**Task directions:**
Transcribe the data verbatim and drop its images.

**Input data:**
*** Begin section ***

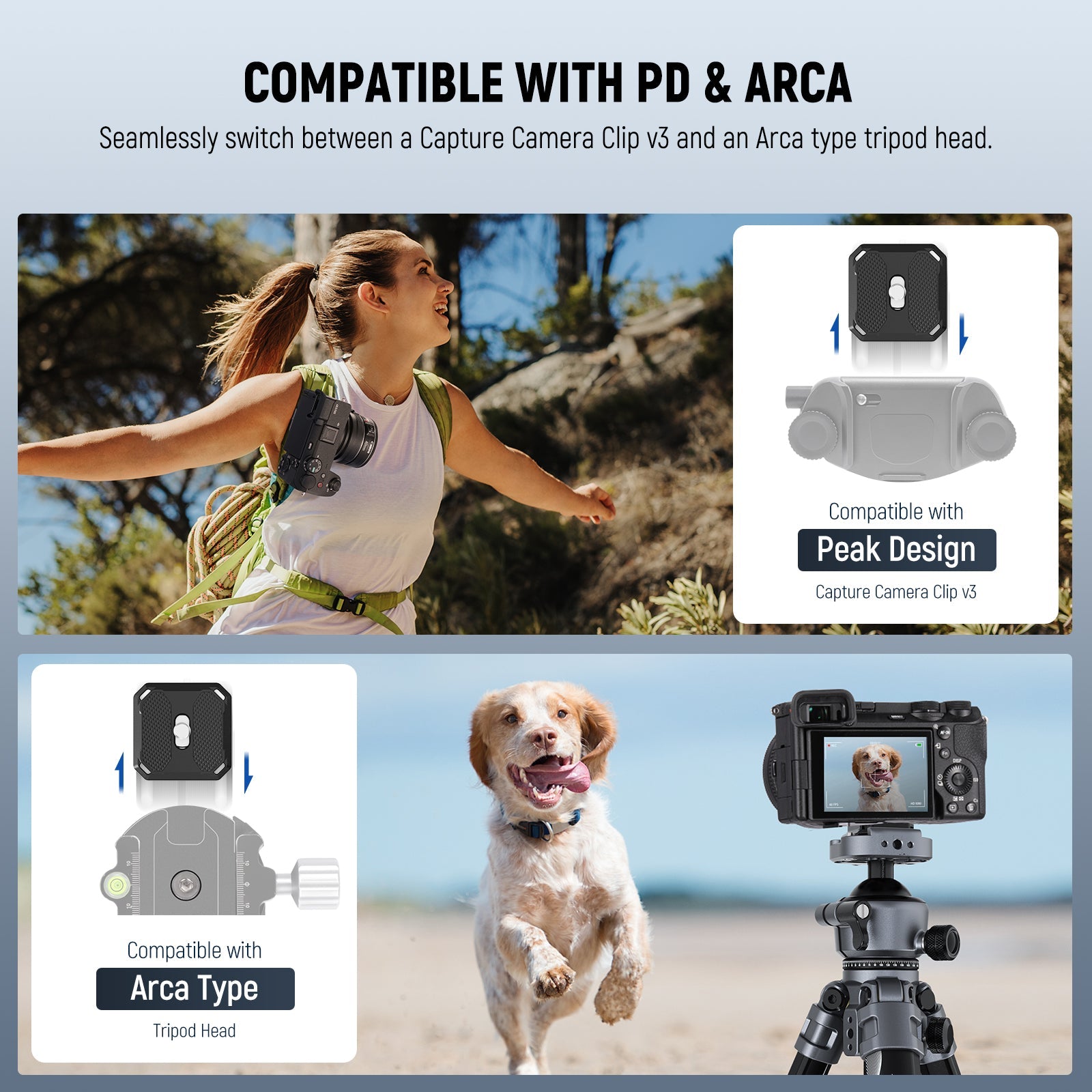 - Arca Type Dual Compatibility QR System- The versatile Arca type QR plate and clamp base are also compatible with Peak Design Capture Camera Clip V3 backpack strap clip mounts and other Arca Type plates. The top 1/4" screw is compatible with mini DV camcorders, DSLRs, mirrorless cameras, binoculars, sliders, smartphones and more
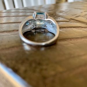Beautiful used Blue topaz and blue diamond sterling silver ring size 10
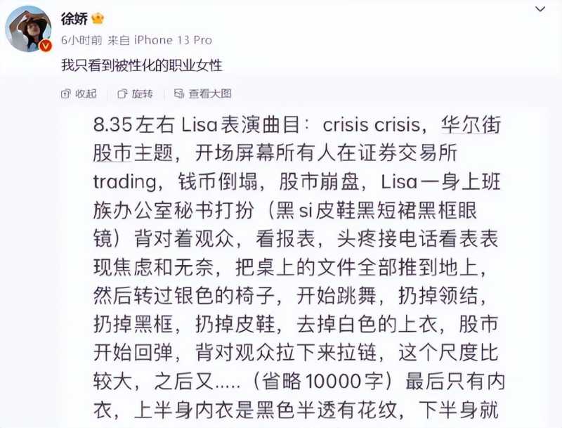 消息一出,立即引发广泛关注与热烈讨论。主要关注点集中在Lisa的身份和疯马秀性质之上。
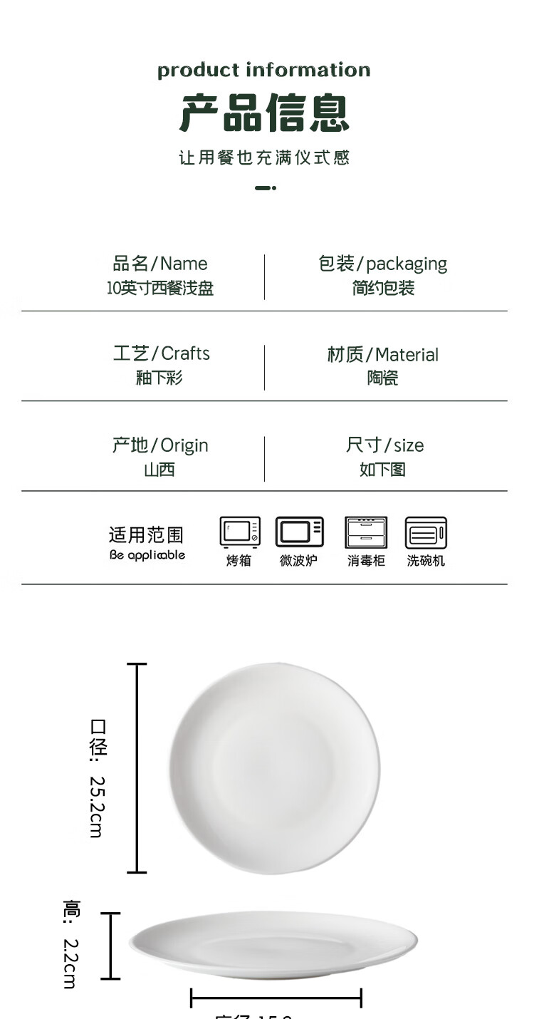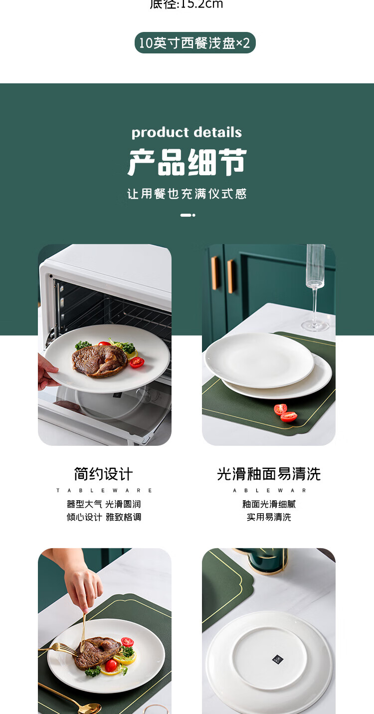 Jie Yajie Ceramic Steak Plate Home Dish Plate 10-inch European Western Plate Hotel Commercial Microwave Oven Available 2 Pack

*** End section ***

**Result for this exercise:**
 - Arca Type Dual Compatibility QR System- The versatile Arca type QR plate and clamp base are also compatible with Peak Design Capture Camera Clip V3 backpack strap clip mounts and other Arca Type plates. The top 1/4" screw is compatible with mini DV camcorders, DSLRs, mirrorless cameras, binoculars, sliders, smartphones and more
Beautiful used Blue topaz and blue diamond sterling silver ring size 10
 消息一出,立即引发广泛关注与热烈讨论。主要关注点集中在Lisa的身份和疯马秀性质之上。
 Jie Yajie Ceramic Steak Plate Home Dish Plate 10-inch European Western Plate Hotel Commercial Microwave Oven Available 2 Pack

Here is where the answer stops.